Archive for the ‘Structured Data’ Category

Infinit.e Overview

Monday, December 15th, 2014

Infinit.e Overview by Alex Piggott.

From the webpage:

Infinit.e is a scalable framework for collecting, storing, processing, retrieving, analyzing, and visualizing unstructured documents and structured records.

[Image omitted. Too small in my theme to be useful.]

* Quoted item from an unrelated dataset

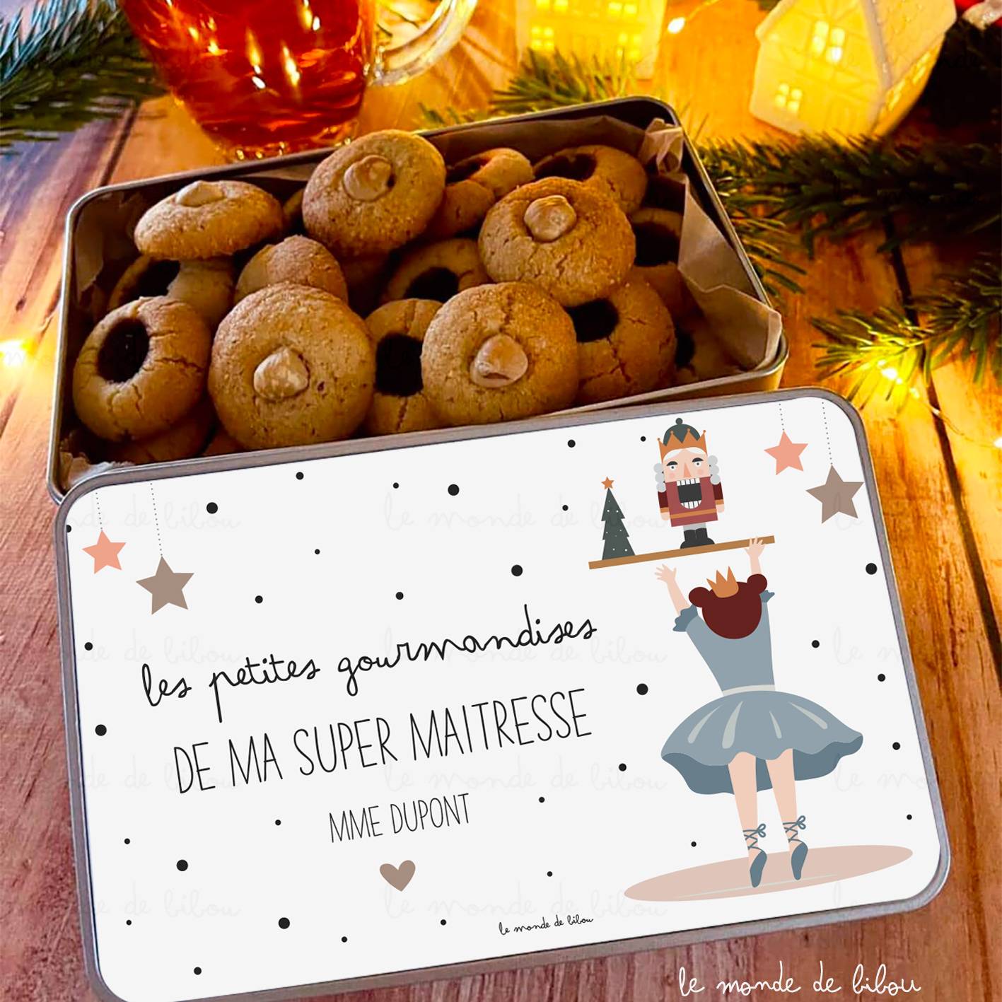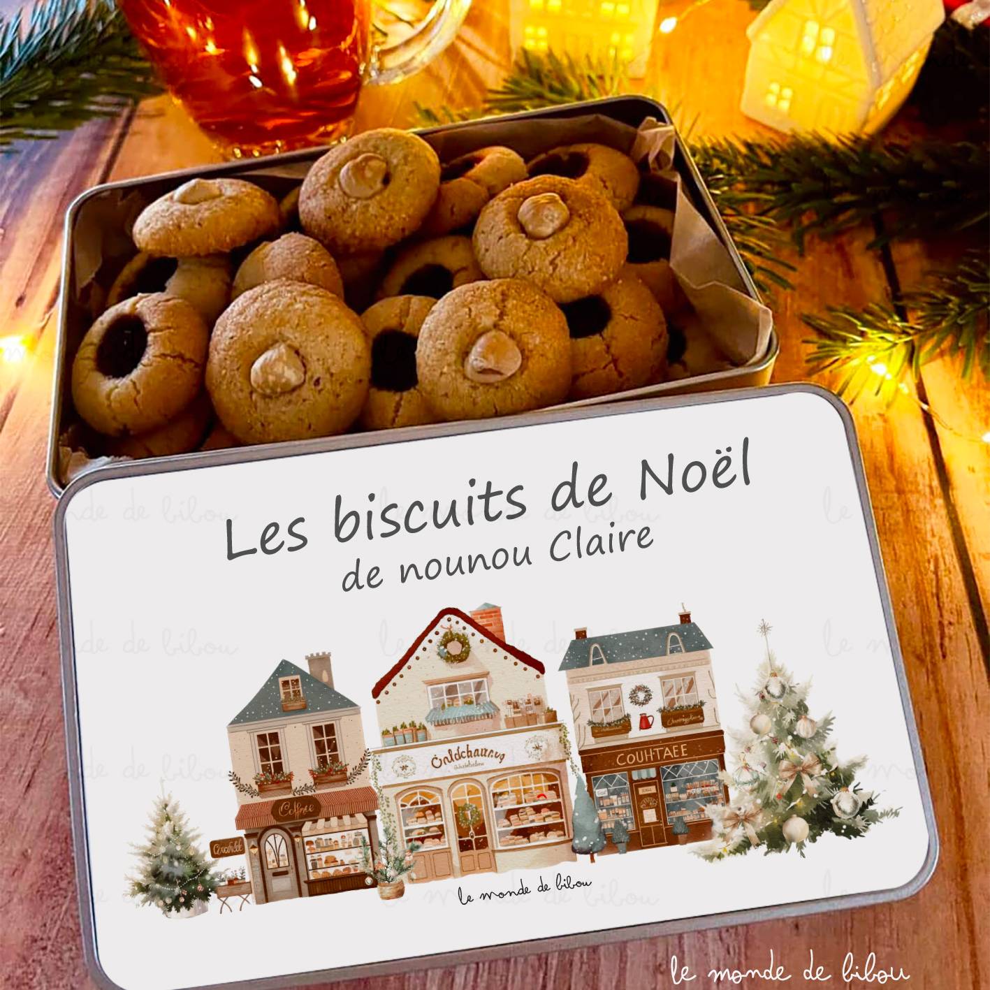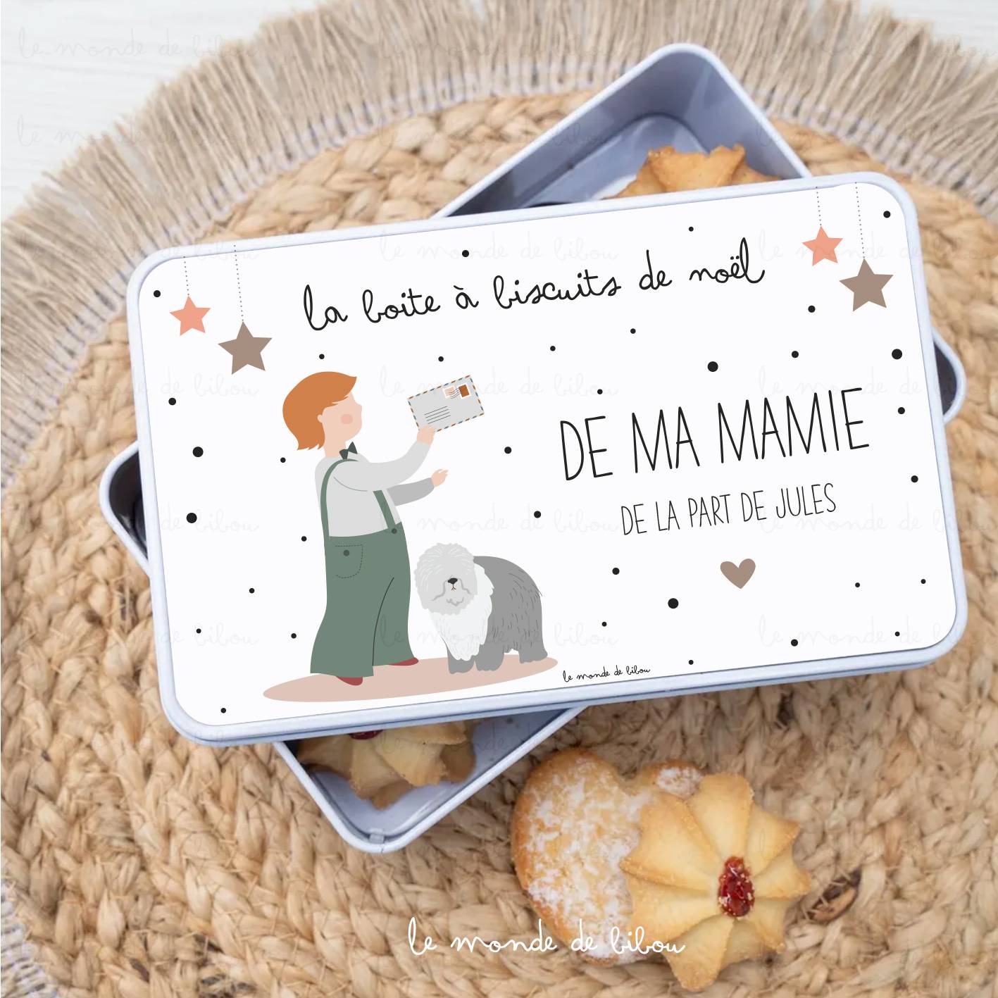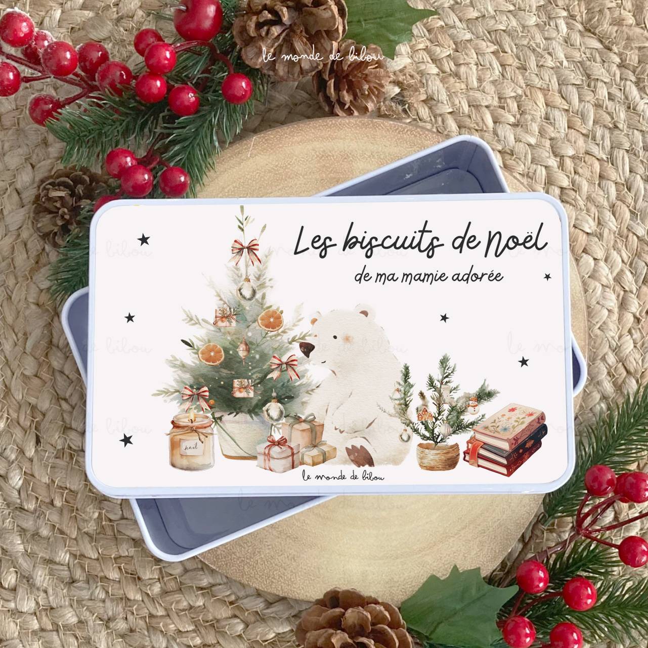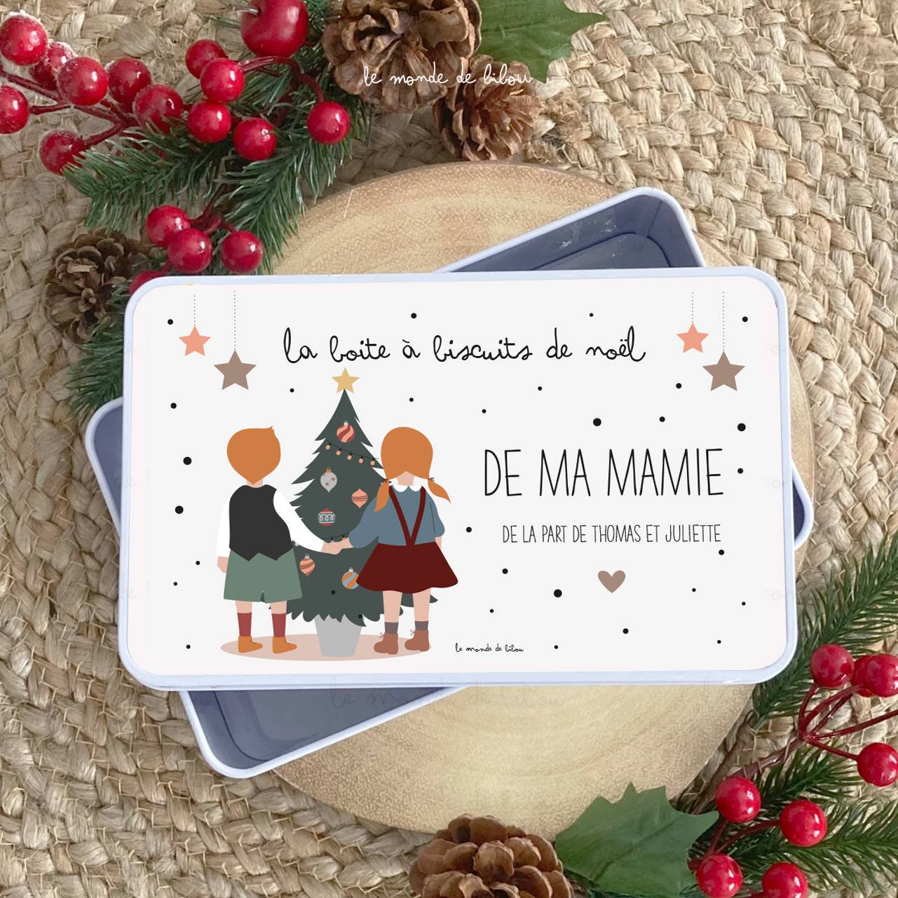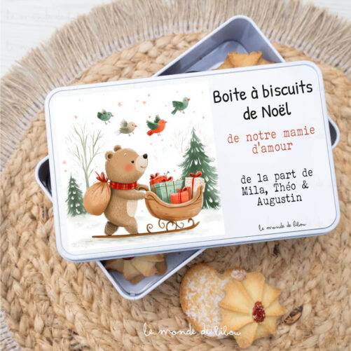 Notre boîte à biscuits personnalisée avec un design festif vous permettra de conserver vos douceurs tout en les protégeant des petites mains curieuses de vos enfants ou petits-enfants. Pratique et esthétique, cette boîte est aussi un excellent choix pour les grands-mères passionnées de pâtisserie, qui aiment autant préparer que déguster leurs biscuits de Noël.

Let’s provide some clarification on each of the often overloaded terms used in that previous sentence:

  • It is a "framework" (or "platform") because it is configurable and extensible by configuration (DSLs) or by various plug-ins types – the default configuration is expected to be useful for a range of typical analysis applications but to get the most out of Infinit.e we anticipate it will usually be customized.
    • Another element of being a framework is being designed to integrate with existing infrastructures as well run standalone.
  • By "scalable" we mean that new nodes (or even more granular: new components) can be added to meet increasing workload (either more users or more data), and that provision of new resources are near real-time.
    • Further, the use of fundamentally cloud-based components means that there are no bottlenecks at least to the ~100 node scale.
  • By "unstructured documents" we mean anything from a mostly-textual database record to a multi-page report – but Infinit.e’s "sweet spot" is in the range of database records that would correspond to a paragraph or more of text ("semi-structured records"), through web pages, to reports of 10 pages or less.
    • Smaller "structured records" are better handled by structured analysis tools (a very saturated space), though Infinit.e has the ability to do limited aggregation, processing and integration of such datasets. Larger reports can still be handled by Infinit.e, but will be most effective if broken up first.
  • By "processing" we mean the ability to apply complex logic to the data. Infinit.e provides some standard "enrichment", such as extraction of entities (people/places/organizations.etc) and simple statistics; and also the ability to "plug in" domain specific processing modules using the Hadoop API.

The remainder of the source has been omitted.